*Work instruction*: Your output must be the lines below from the line containing "Flott skjærebrett i" to the line containing "wie ich der", both lines included, reproduced exactly and without pictures.

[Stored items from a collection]
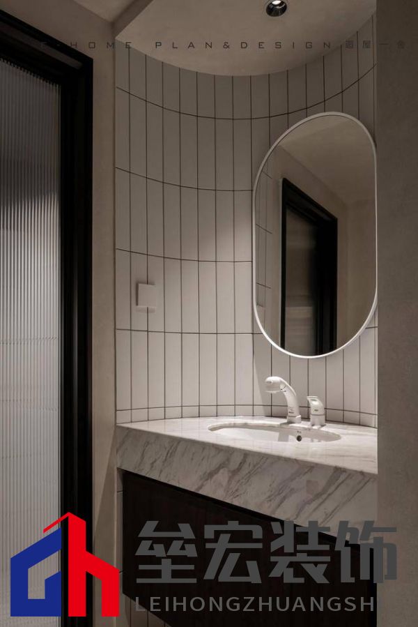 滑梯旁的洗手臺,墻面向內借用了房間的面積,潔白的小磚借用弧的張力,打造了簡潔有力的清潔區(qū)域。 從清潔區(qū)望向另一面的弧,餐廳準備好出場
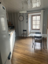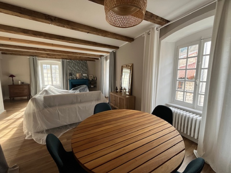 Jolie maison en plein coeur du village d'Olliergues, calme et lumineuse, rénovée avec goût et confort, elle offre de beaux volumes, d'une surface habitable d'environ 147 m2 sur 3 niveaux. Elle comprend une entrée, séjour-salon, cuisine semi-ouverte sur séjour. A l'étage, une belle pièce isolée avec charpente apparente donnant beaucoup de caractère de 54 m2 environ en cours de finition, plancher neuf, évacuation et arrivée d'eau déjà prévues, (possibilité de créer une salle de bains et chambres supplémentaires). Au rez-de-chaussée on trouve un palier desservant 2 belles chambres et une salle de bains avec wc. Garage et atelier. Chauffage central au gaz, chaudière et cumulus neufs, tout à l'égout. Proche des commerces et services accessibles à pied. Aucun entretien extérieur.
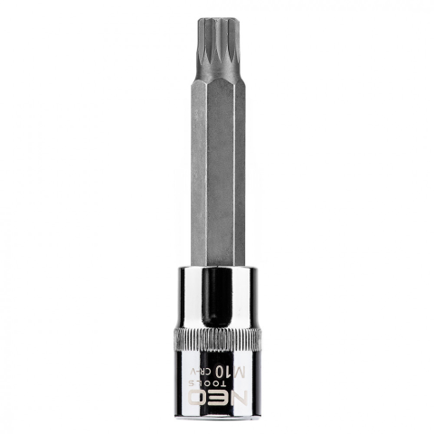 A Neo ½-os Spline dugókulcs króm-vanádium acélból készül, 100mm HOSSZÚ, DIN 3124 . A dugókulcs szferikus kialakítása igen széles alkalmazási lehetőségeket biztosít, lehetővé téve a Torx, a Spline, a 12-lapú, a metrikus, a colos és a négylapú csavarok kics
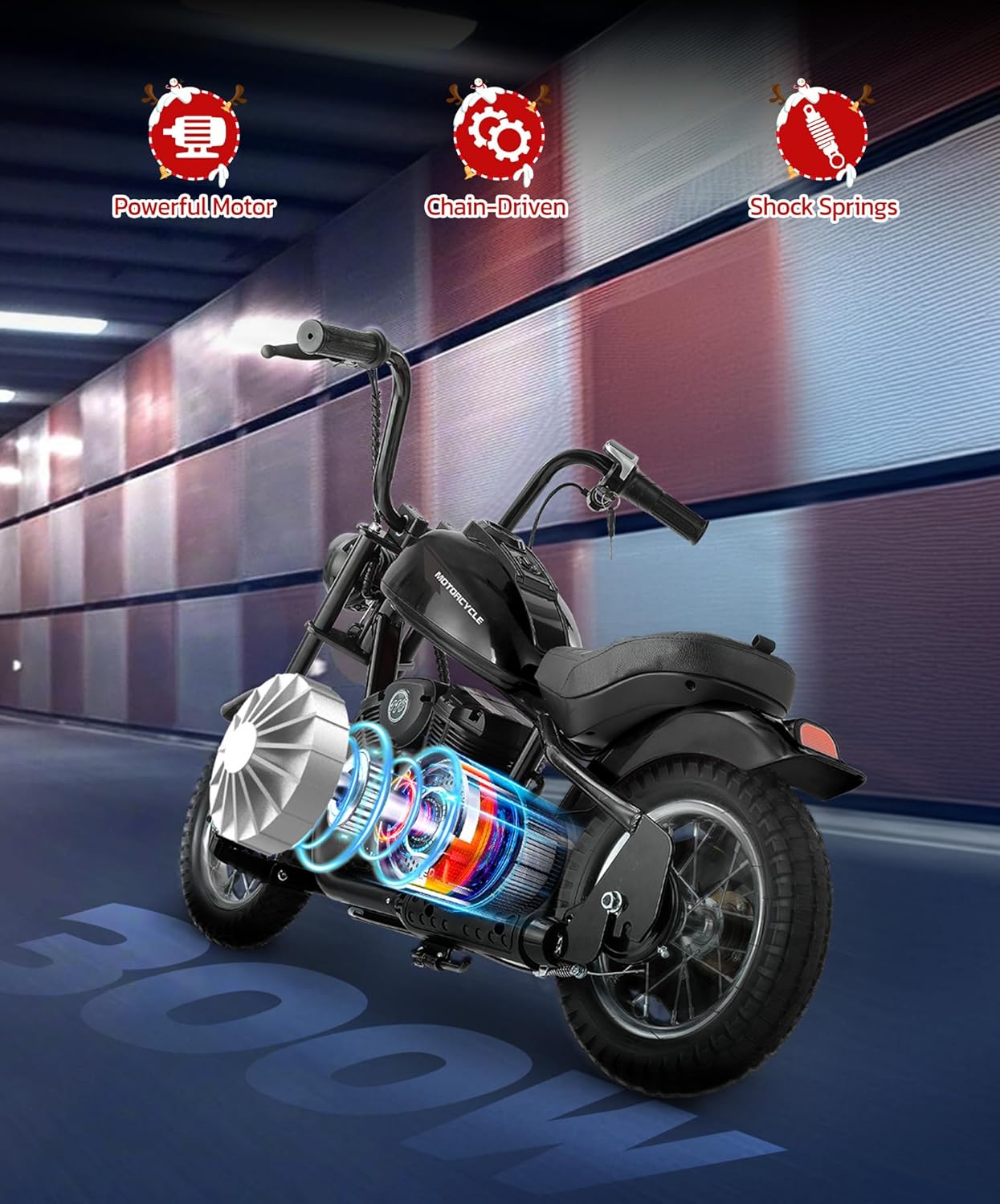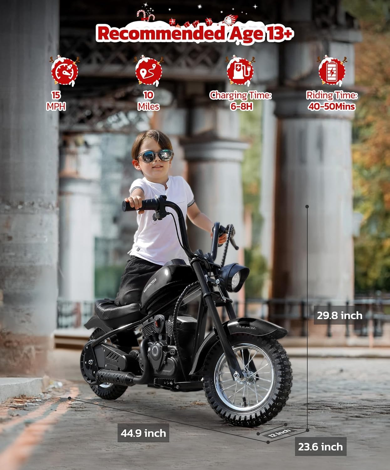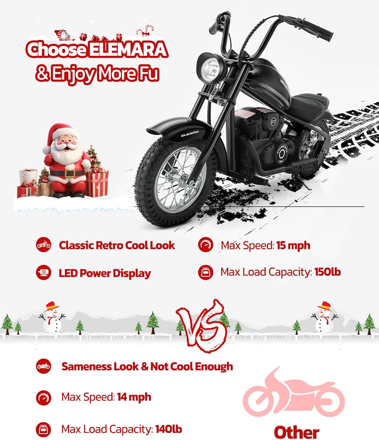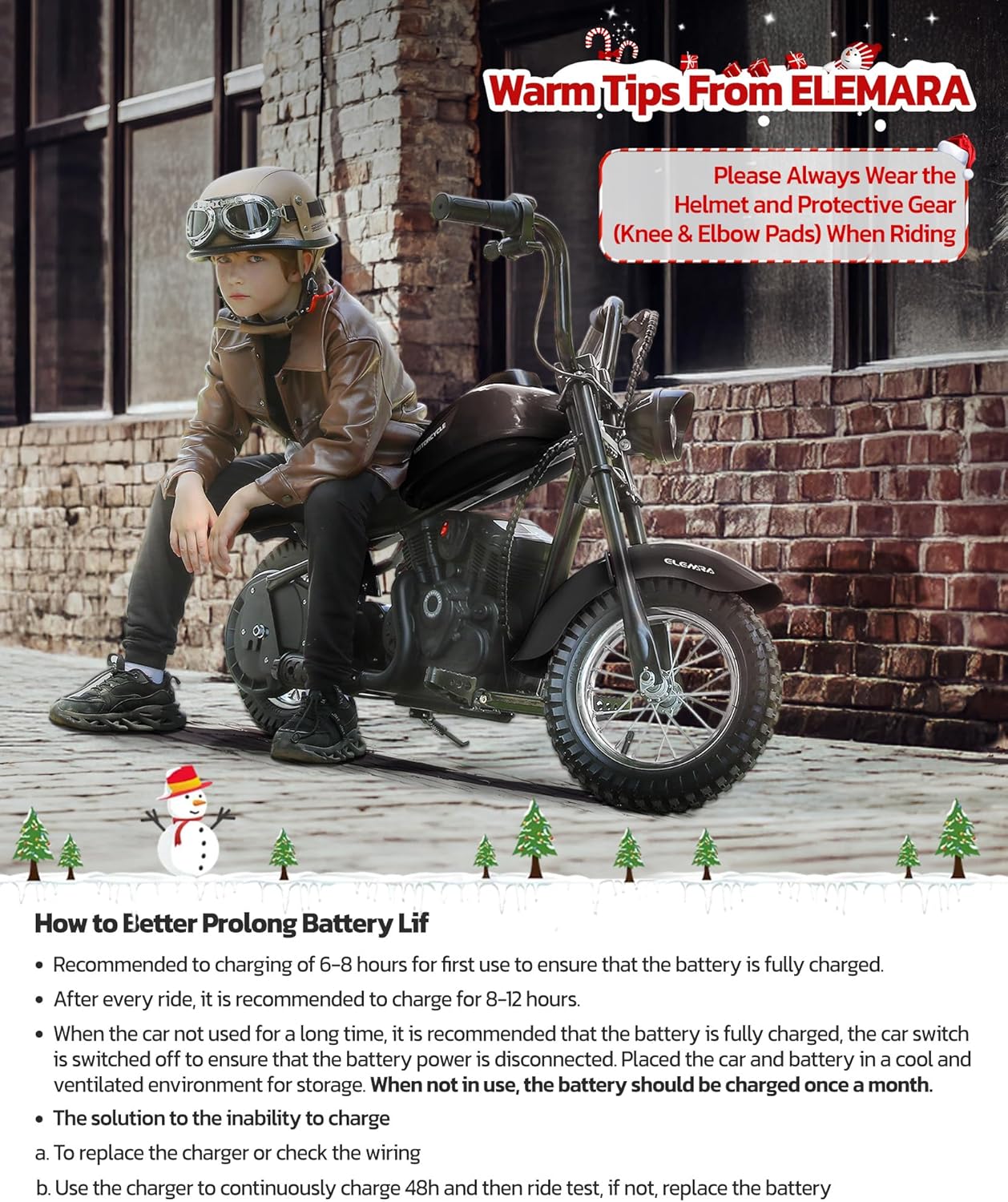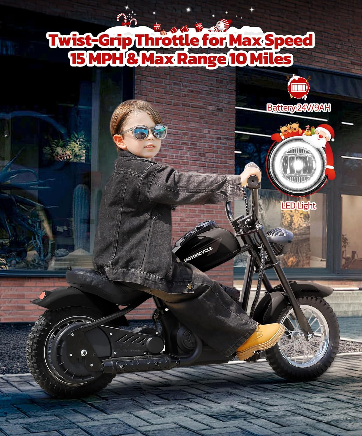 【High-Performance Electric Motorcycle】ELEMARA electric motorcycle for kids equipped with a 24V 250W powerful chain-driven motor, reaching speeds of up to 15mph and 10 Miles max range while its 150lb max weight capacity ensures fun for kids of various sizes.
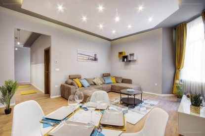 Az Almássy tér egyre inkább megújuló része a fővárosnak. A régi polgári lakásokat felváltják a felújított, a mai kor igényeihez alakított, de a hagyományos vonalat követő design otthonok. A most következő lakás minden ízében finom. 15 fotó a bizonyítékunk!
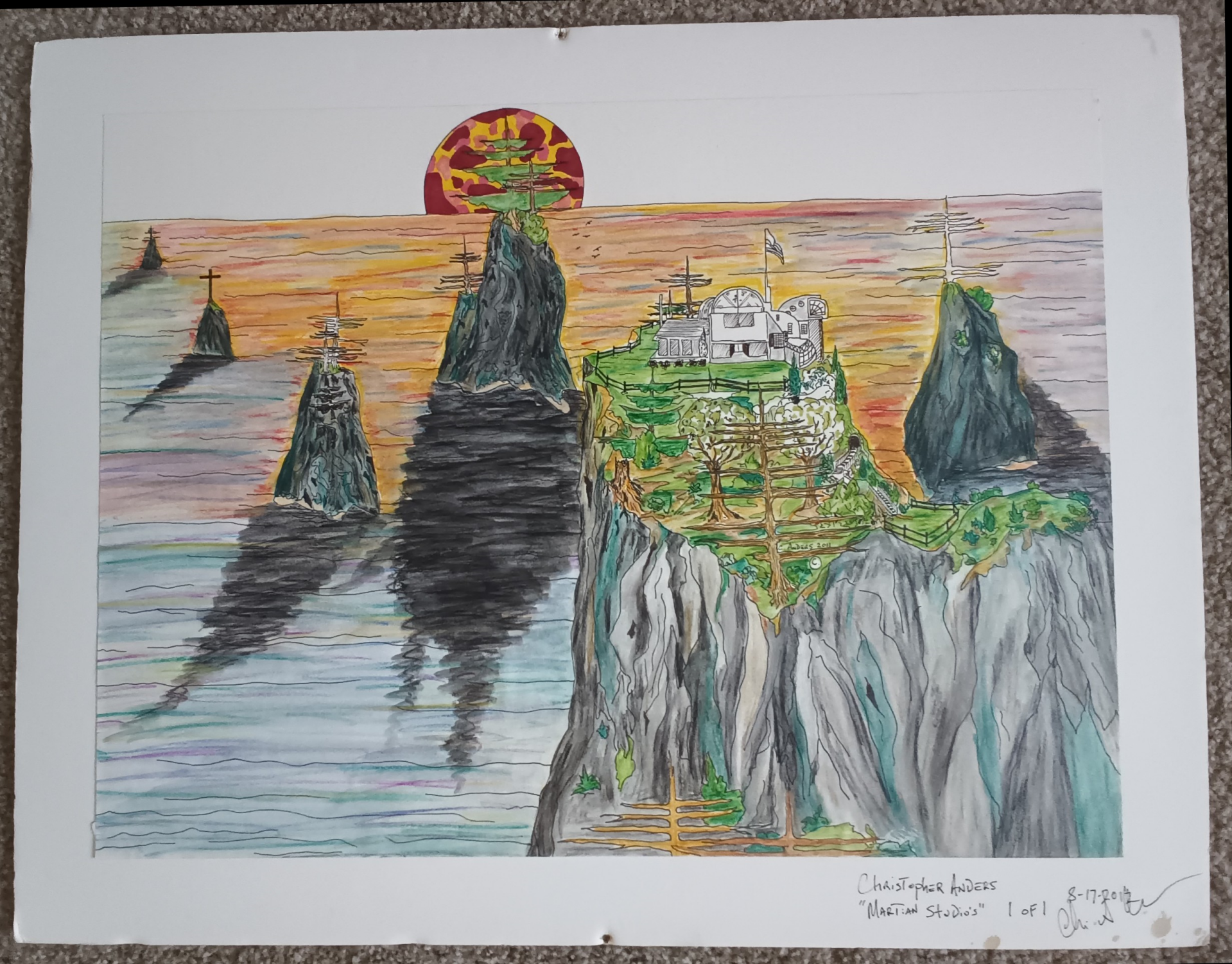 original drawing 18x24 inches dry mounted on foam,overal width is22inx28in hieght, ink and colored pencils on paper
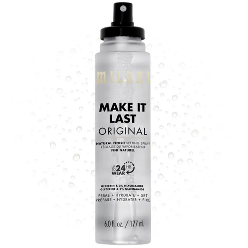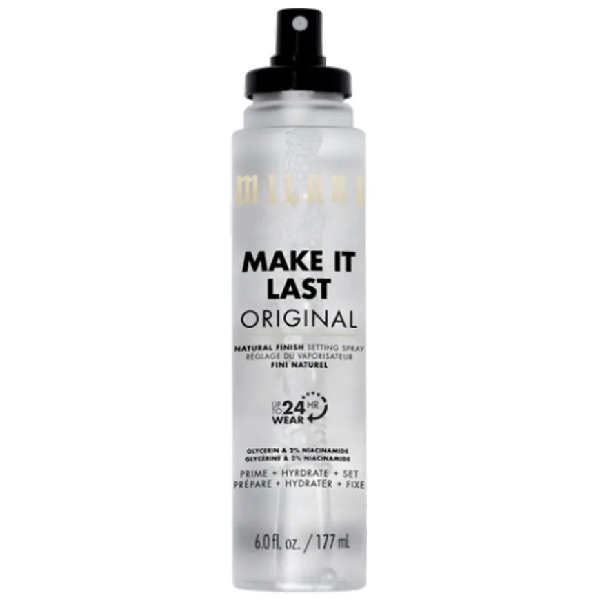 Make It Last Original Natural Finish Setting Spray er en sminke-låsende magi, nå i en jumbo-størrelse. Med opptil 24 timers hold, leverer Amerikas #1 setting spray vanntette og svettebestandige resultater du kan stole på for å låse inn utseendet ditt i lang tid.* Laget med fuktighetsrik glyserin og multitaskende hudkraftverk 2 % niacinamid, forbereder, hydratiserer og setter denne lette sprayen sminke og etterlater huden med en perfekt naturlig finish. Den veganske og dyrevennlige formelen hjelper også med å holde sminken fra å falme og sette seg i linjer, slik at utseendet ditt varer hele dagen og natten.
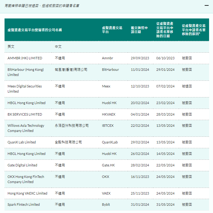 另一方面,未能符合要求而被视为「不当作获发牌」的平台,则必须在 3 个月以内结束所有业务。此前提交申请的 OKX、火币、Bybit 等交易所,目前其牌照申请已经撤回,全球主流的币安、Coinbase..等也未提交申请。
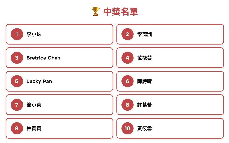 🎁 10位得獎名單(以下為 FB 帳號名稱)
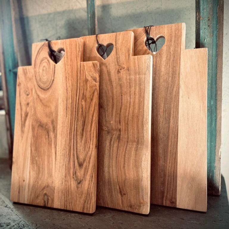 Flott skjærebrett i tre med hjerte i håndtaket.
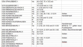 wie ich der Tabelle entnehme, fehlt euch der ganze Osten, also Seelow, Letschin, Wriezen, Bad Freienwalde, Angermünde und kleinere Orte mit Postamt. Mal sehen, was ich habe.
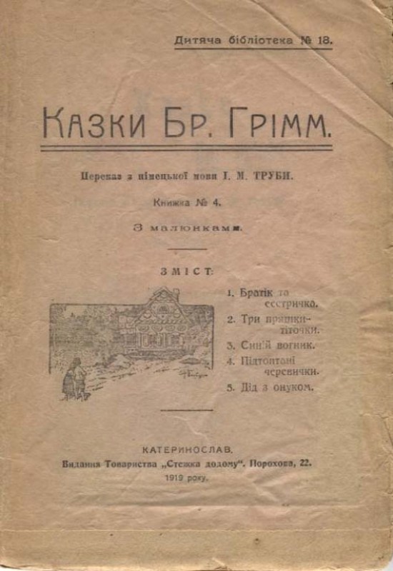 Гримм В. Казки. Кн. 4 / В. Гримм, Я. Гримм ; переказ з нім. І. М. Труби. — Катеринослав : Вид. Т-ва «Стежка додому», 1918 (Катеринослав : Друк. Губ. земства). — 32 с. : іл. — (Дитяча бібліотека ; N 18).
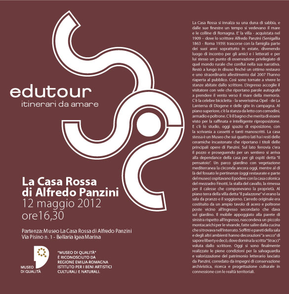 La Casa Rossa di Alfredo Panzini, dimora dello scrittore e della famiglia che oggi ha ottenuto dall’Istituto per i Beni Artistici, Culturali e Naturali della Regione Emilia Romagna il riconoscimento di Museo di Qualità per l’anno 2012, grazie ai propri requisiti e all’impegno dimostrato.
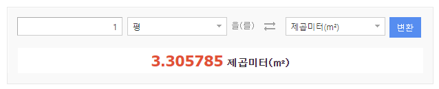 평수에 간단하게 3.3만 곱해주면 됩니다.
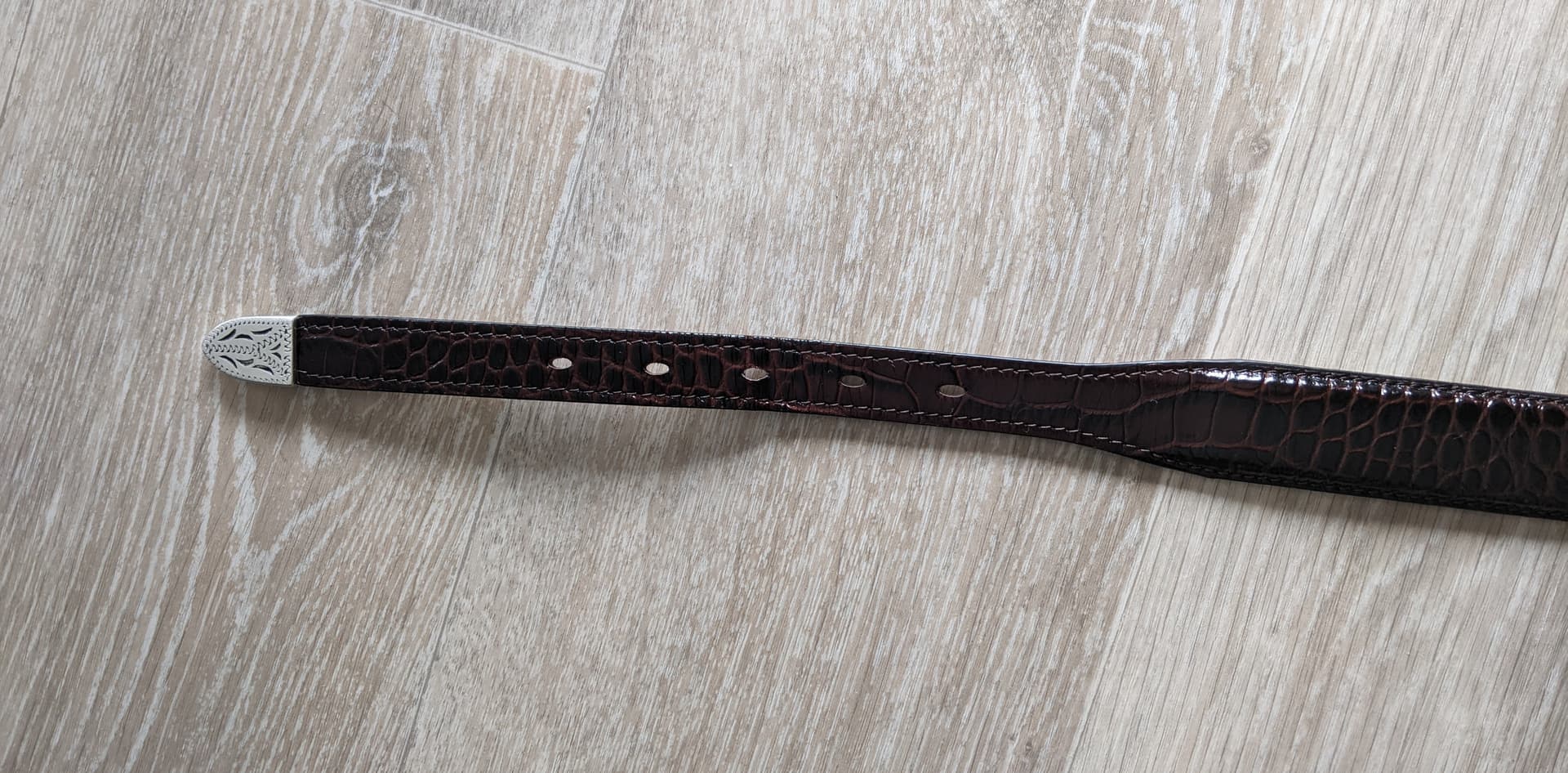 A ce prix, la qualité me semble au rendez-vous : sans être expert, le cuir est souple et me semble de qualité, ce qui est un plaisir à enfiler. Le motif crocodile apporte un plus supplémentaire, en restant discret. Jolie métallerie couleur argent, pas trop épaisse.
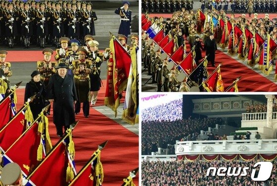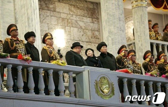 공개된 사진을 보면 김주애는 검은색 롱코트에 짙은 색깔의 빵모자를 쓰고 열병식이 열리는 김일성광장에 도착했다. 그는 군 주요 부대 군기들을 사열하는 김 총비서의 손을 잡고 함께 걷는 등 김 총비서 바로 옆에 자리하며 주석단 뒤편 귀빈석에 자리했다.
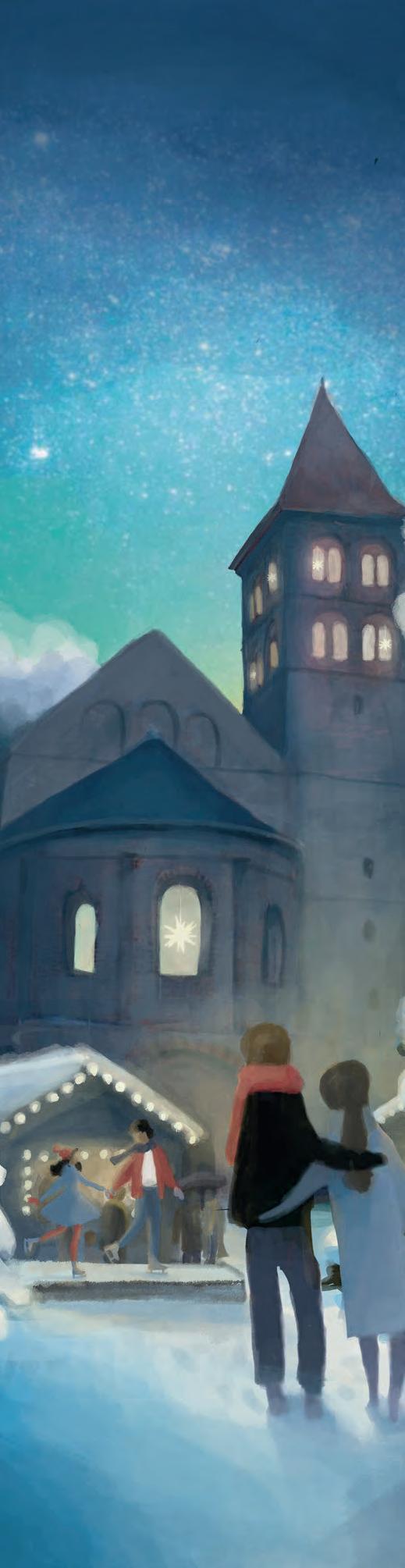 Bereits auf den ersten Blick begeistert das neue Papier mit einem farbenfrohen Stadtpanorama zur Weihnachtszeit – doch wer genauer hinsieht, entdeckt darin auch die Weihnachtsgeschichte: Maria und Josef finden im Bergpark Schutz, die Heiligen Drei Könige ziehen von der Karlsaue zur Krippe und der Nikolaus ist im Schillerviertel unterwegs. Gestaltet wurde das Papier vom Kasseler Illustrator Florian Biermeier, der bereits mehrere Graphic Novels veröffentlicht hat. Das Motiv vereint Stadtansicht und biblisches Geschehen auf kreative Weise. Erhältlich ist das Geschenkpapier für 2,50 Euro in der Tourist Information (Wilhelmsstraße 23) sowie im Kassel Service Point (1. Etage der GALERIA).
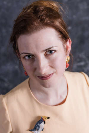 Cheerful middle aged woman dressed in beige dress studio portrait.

*Result of this task*:
 Flott skjærebrett i tre med hjerte i håndtaket.
 wie ich der Tabelle entnehme, fehlt euch der ganze Osten, also Seelow, Letschin, Wriezen, Bad Freienwalde, Angermünde und kleinere Orte mit Postamt. Mal sehen, was ich habe.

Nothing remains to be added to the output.